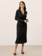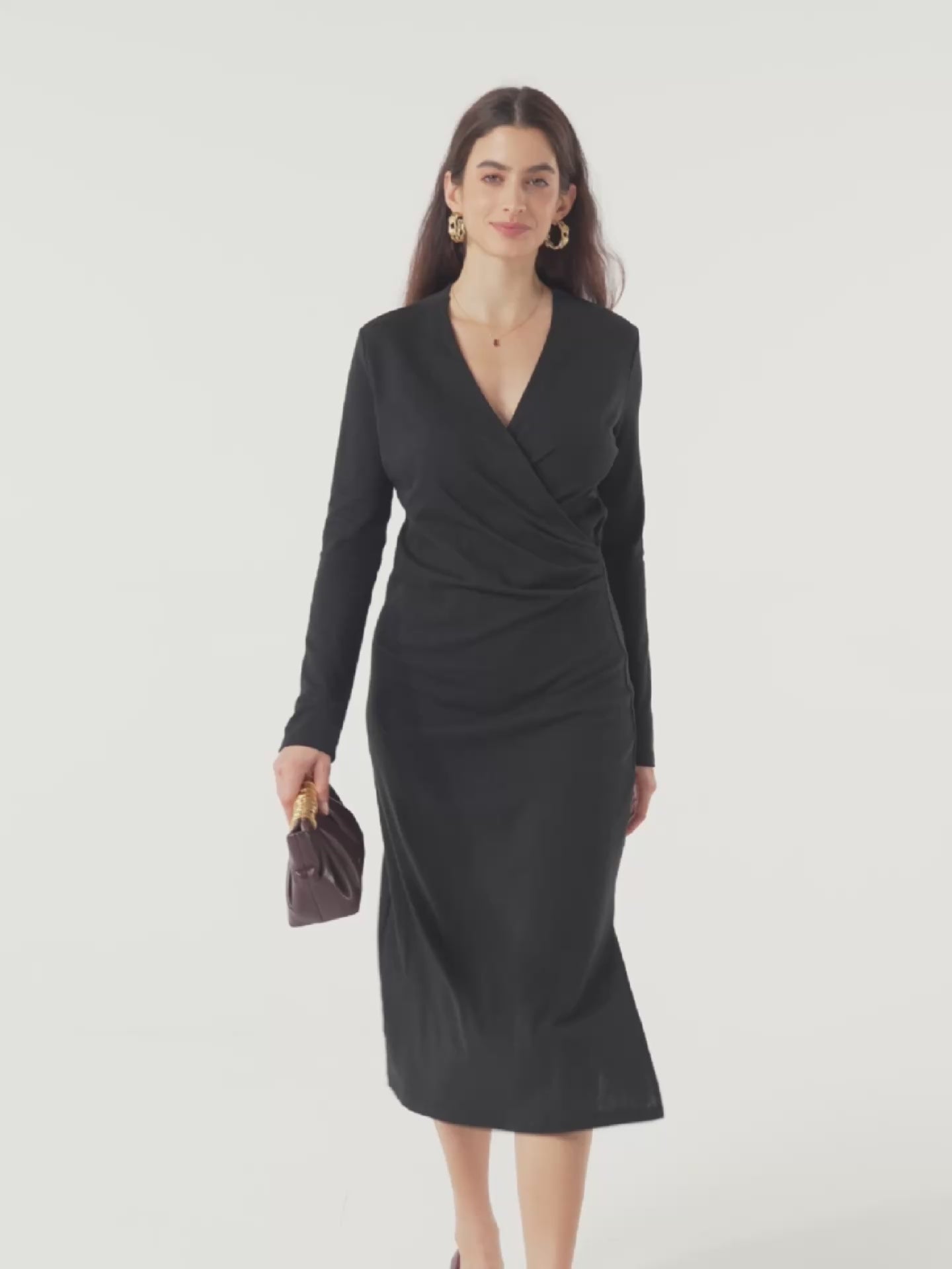 The Linen V-Neck Wrap Dress combines timeless elegance with stretch fabric for a tailored, flattering silhouette.
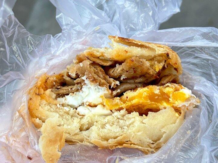 大饼夹卷圈,卷圈很有特色,竟然是腐乳调味的豆芽
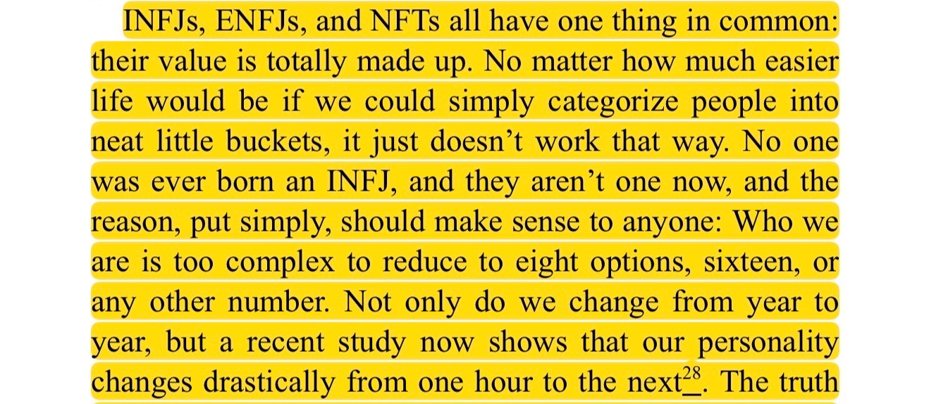 Iāve taken the Myers-Briggs many times throughout my life. I get different outcomes nearly every time I take it. The truth is, we change throughout our lives ā and also we change from moment to moment based on the situation weāre in.

################

# What is being asked:
Every line above goes into your copy exactly; no images go in.

# Solution for this problem:
 The Linen V-Neck Wrap Dress combines timeless elegance with stretch fabric for a tailored, flattering silhouette.
 大饼夹卷圈,卷圈很有特色,竟然是腐乳调味的豆芽
 Iāve taken the Myers-Briggs many times throughout my life. I get different outcomes nearly every time I take it. The truth is, we change throughout our lives ā and also we change from moment to moment based on the situation weāre in.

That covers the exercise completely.